The main collection on show in the museum is that of the former British Army Regiment, the Cameronians (Scottish Rifles). The Cameronians were formed on 14 May 1689, with their name being in memory of Richard Cameron, "The Lion of The Covenant", a Scottish preacher who died at the Battle of Airds Moss in 1680. The Cameronians still hold the distinction of being the only regiment in the British military to have a religious origin, with their initial recruits all being Covenanters. In 1881 the 26th (Cameronian) Regiment and the 90th Perthshire Light Infantry amalgamated to form the Cameronians (Scottish Rifles). The Cameronians were the only rifle regiment in Scotland and featured in many campaigns over their almost 300 years in military service. The Cameronians are an important part of South Lanarkshire history with the regiment being based in the county for most of their history. Rounds of cuts in the military eventually resulted in the regiment being disbanded, instead of losing its identity through an amalgamation, on 14 May 1968, bringing to an end 279 years of military history.

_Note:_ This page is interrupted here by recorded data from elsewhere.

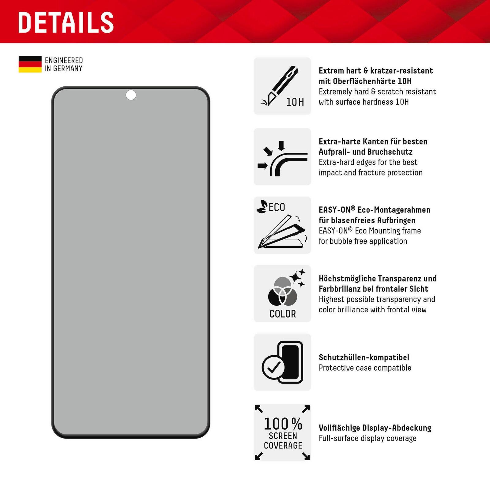 Im Vergleich zu sogenannten 2D Schutzgläsern decken die Panzergläser mit Sichtschutz nicht nur den aktiven, sondern den gesamten Displaybereich ab. Das bedeutet den optimalen Schutz des ganzen Displays und die Verbesserung des Nutzererlebnisses: maximaler Display- und Blickchutz ohne störende Kanten.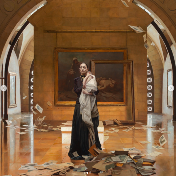 作者解读:这幅画重新诠释了索福克勒斯笔下的悲剧女主人公安提戈涅,她傲然屹立于一座宏伟却残破的画廊之中。她怀抱着一个孩子——这象征着她的儿子,这个孩子出现在欧里庇得斯已佚失的剧作《后裔》中——寓意着反抗和传承的深远影响。在她身后,悬挂着尼基弗罗斯·吕特拉斯创作于1865年的画作《安提戈涅面对死去的波吕尼克斯》,将这幅作品牢牢地锚定在古典和艺术史的传统之中。空荡荡的画框和散落的纸张则暗示着抹去、遗忘的记忆以及文化传承的脆弱。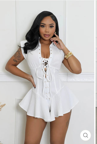 The image features a woman wearing a stylish pink dress with a fitted bodice and flared skirt. The dress has a collared neckline and front lacing detail, adding a fashionable touch. The overall aesthetic is chic and modern, with a soft, vibrant color palette.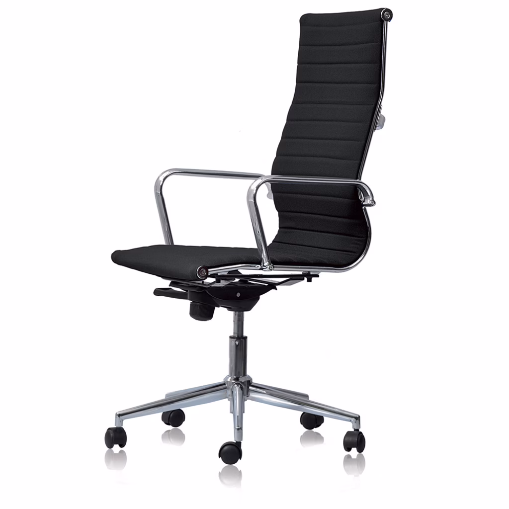 Sedia direzionale con struttura portante e braccioli in acciaio cromato - Imbottitura frontale rivestita in soffici doghe - Proposta con schienale alto e medio su base a 5 razze con ruote in acciaio cromato, oppure con schienale medio su base a 4 razze su piedini, girevole e regolabile in altezza - Versione su ruote con movimento regolato da meccanismo oscillante centrale dotato di manopola regola tensione - Proposta con rivestimento in pelle, in ecopelle ed in tessuto King (test usura: 100.000 cicli Martindale) - Garanzia 2 anni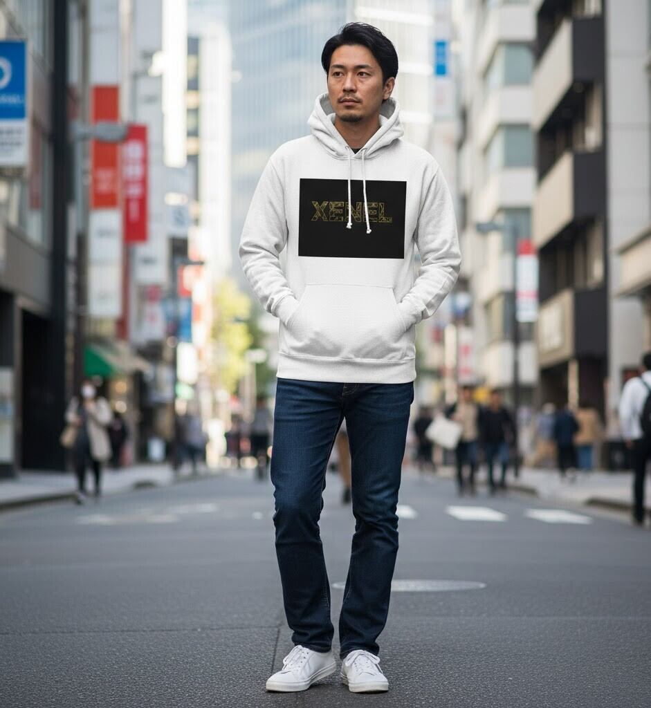 ミニマルでありながら強い存在感を放つ、Xenelの象徴的フーディ。
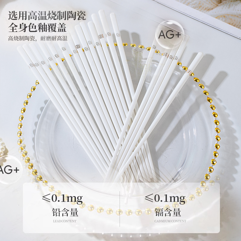 景德镇陶瓷筷子家用高档抗菌防霉轻奢高级感防滑耐高温健康易清洗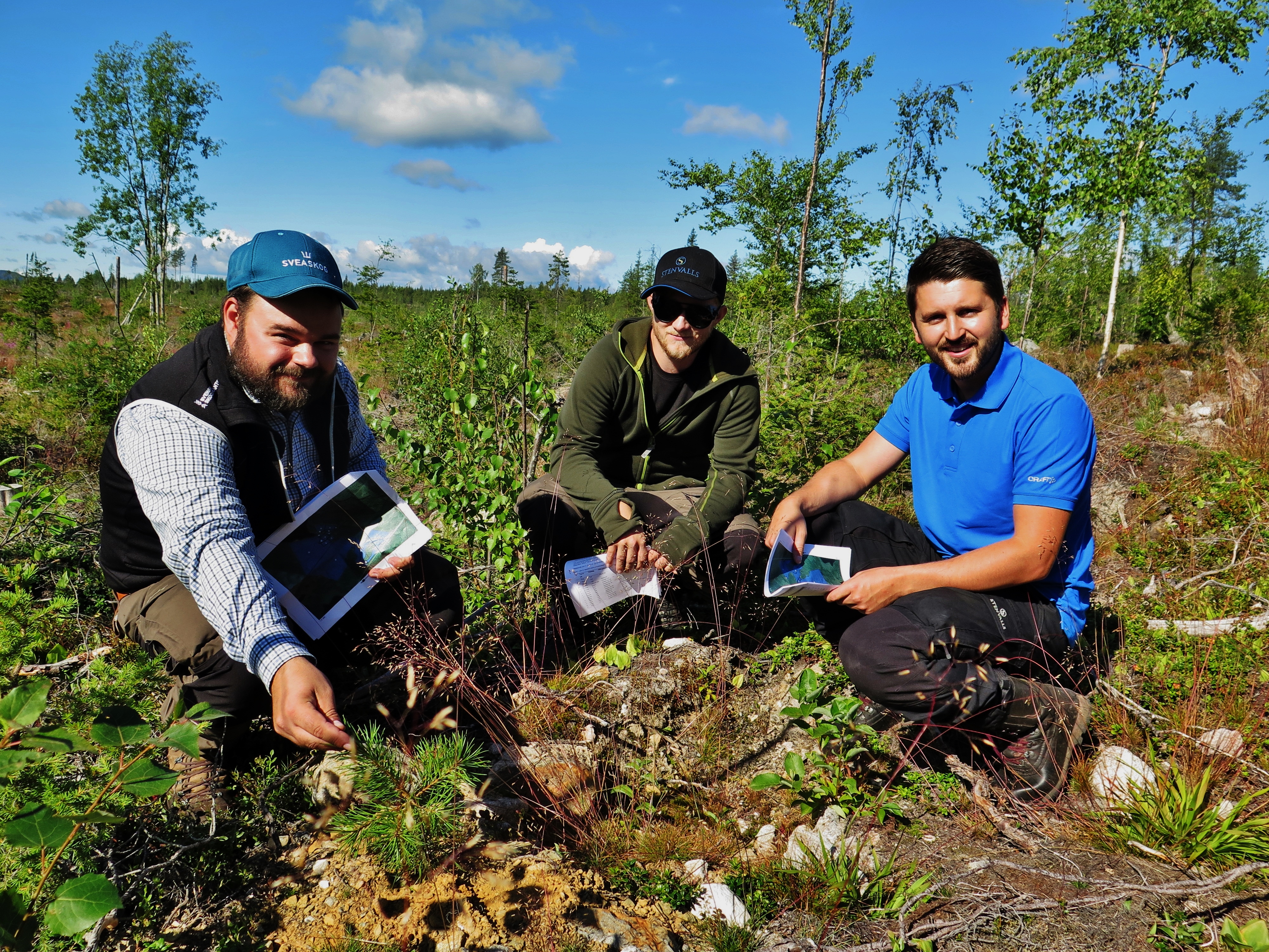• Beskrivning: Tomas Jansson, Filip och Emil, Från Pressmeddelande: Elitfröer ger upp till 25 procents extra tillväxt på hygget, svenska skogsplantor, tillsammans med Stenvalls trä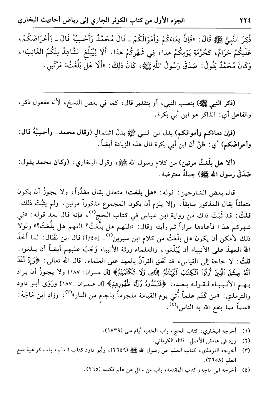 (ألا هل بلّغتُ مرتين) من كلام رسول الله - صلى الله عليه وسلم -، وقول البخاري: (وكان محمد يقول: صَدَقَ رسول الله - صلى الله عليه وسلم -) جملةٌ معترضة.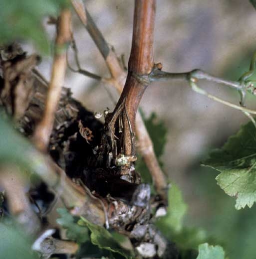 El viento puede arrancar hojas, romper inflorescencias y desarticular las ramitas. Estas lesiones mecánicas provocan una reducción en la cosecha, pero también favorecen el desarrollo de hongos responsables de la esca o la eutipiosis . En tocones jóvenes, el viento a veces conduce a curvas no deseadas y roturas permanentes.

The museum's Cameronians (Scottish Rifles) collection features many exhibits on the history of the regiment. A number of the regiment's flags and banners are on display, such as the Bluidy Banner, which Covenanting forces carried at the Battle of Bothwell Bridge in 1679. The museum also contains over 1,000 medals and awards earned by soldiers and officers from the Cameronians (Scottish Rifles), including seven Victoria Crosses.

===Hamilton Palace===
One of the most well-known displays in the Museum tells the story of one of the nation's lost treasures – Hamilton Palace. The Palace was the primary residence of the Hamilton family from at least 1591 until 1919, and was the largest non-royal residence in Britain. However, as a result of mining decline, it was demolished in the 1920s—one of the largest ever losses to Scottish national heritage. Many items from within the palace are on display, such as a large floor-to-ceiling mirror. The museum also contains many images of the Palace prior to its demolition in 1927.

===Coal mining===
Another of the museum's displays is based on coal mining. Before the late 19th century coal mining had not fully developed as an industry in Hamilton, but due to the mining boom in 1874 the prominence of coal mining in the area grew: there were 22 collieries in just the Hamilton Parish. The display in the museum looks at this period in South Lanarkshire's coal mining history and also holds a small exhibit on the Blantyre Mining Disaster of 1877 where 207 miners were killed in a firedamp explosion. This disaster is still Scotland's most fatal mining disaster.

===Agriculture===
Previous to the industrial revolution the primary occupation of almost all of the residents of South Lanarkshire was in agriculture. The museum's agricultural display focuses on the most famous piece of farm life in the area – the Clydesdale Horse.

===Weaving===
A very important industry in the history of Lanarkshire was weaving, and there was a weavers' loom in every cottage in every town and village throughout the area. One of the original weaving looms can be seen in the museum's Textile gallery. This gallery also holds information on the story of Hamilton's peculiar lacemaking industry, which was introduced in by Duchess Elizabeth in 1752.

===Ducal buildings===
This displays information on the history of the remaining ducal buildings in the town, including those on the museum site—Portland, the Palace Riding School, and Hamilton Mausoleum. The exhibit on the ducal buildings describes the history of these nationally important buildings and the people who built and used them.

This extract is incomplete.